* Work to be completed *
Transcribe the data underneath exactly. No images belong in your version.

* Material provided *
__________

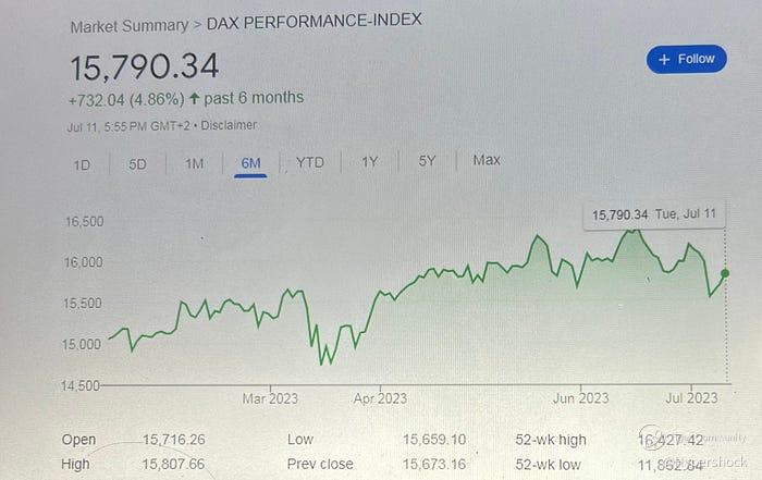 Germany’s largest stock exchange, the Frankfurt Stock Exchange (DAX), reached it’s high on June 16th, with 16,427.42 euros. It’s now at 15,790.34 euros. Germany recently entered a recession, with GDP growth at -0.3% in the first quarter of this year. But to make the most profit off of stocks, it’s best to buy when the market is low, and sell when the market is high.
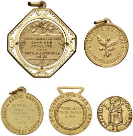 QUATTRO MEDAGLIE IN ORO 750 E UNA IN ARGENTO
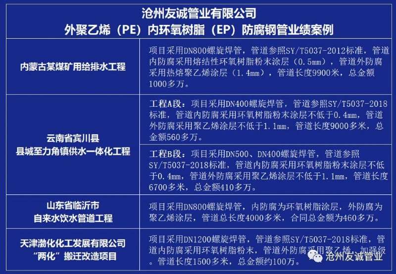 外聚乙烯內(nèi)環(huán)氧防腐鋼管,集合了聚乙烯和環(huán)氧樹脂的優(yōu)異防腐性能和抗沖擊耐磕碰性能于一身,可以耐酸、堿、鹽以及污水、土壤等環(huán)境侵蝕,適用于城市供排水管網(wǎng)、長(zhǎng)輸管線輸送自來水、污水、中水和海水的管道工程。外聚乙烯內(nèi)環(huán)氧防腐方案已經(jīng)被市場(chǎng)證明是管道防腐的最佳防腐組合方案。
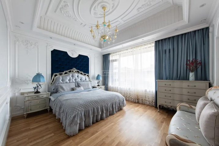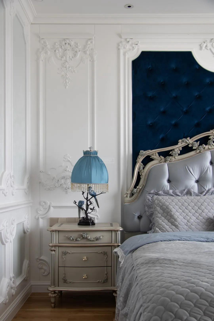 天花板、墻壁石膏雕花線條配合著絨布軟包的背景墻,獨(dú)占這一室的雅致輕盈。

__________

* Exercise result *
 Germany’s largest stock exchange, the Frankfurt Stock Exchange (DAX), reached it’s high on June 16th, with 16,427.42 euros. It’s now at 15,790.34 euros. Germany recently entered a recession, with GDP growth at -0.3% in the first quarter of this year. But to make the most profit off of stocks, it’s best to buy when the market is low, and sell when the market is high.
 QUATTRO MEDAGLIE IN ORO 750 E UNA IN ARGENTO
 外聚乙烯內(nèi)環(huán)氧防腐鋼管,集合了聚乙烯和環(huán)氧樹脂的優(yōu)異防腐性能和抗沖擊耐磕碰性能于一身,可以耐酸、堿、鹽以及污水、土壤等環(huán)境侵蝕,適用于城市供排水管網(wǎng)、長(zhǎng)輸管線輸送自來水、污水、中水和海水的管道工程。外聚乙烯內(nèi)環(huán)氧防腐方案已經(jīng)被市場(chǎng)證明是管道防腐的最佳防腐組合方案。
 天花板、墻壁石膏雕花線條配合著絨布軟包的背景墻,獨(dú)占這一室的雅致輕盈。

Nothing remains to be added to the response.